In pursuit of the perfect chip

Russ Roberts recently interviewed Brendan O'Donohoe of Frito-Lay about the process of making potato chips. Just a few of the highlights:
  • Quality control in the potato chip production process is elaborate, with each individual chip is scanned by computer and those deemed not up to snuff removed with a puff of air, effectively condemning it to the potato chip equivalent of Siberia. 
  • Rather than place chips in a bag after they made, the bag is actually built around the chips in order to reduce the chances of the chips crumbling and breaking, and is then vacuum-sealed for freshness.
All this to produce something as relatively mundane as a potato chip. And Frito-Lay isn't alone -- take a look at the effort McDonald's devotes to a new product launch:
Take the snack wrap, which came about when restaurants started to see a plateau in sales volume of its Chicken Selects. McDonald's executive chef, suppliers, and franchisees got together at headquarters to figure out how to ramp up the turn of the crispy chicken strips. After chefs, food scientists, suppliers, and members of the menu-management team and advertising agency weighed in on how to define the product and pricing, the snack wrap had to pass muster with 150 to 200 consumers in focus groups.  
It then went into a four- to six-week operational test in a handful of restaurants to determine if changes needed to be made in crew positioning or equipment. McDonald's had mastered the bun, but with the snack wrap, the menu-development team had a lot of work to do operationally around tortillas: What was the right packaging? How do you get them at the right temperature for the customer? What's the right amount of flexibility in the tortilla?
Yes, you read that correctly, they are detail-oriented down to the level of the flexibility of the tortilla. Do McDonald's or Frito-Lay do any of this out of the goodness of their hearts? From a primal urging to provide tasty snacks to people? Doubtful.
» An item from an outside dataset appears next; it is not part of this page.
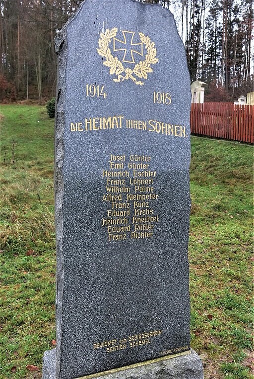 Stele mit Namen der Gefallenen des Ersten Weltkriegs.

More likely the primary motivation is to generate profits (I sometimes wonder if people's views of capitalism/pursuing money would change if profit were to be renamed "reward for doing a good job money"), but in the process of pursuing this selfish goal they go to extraordinary lengths to serve their customers and provide them with the highest quality product possible. It's amazing.

This is the realm of the private sector. This is the sector that I want impacting my life as much as possible, not government.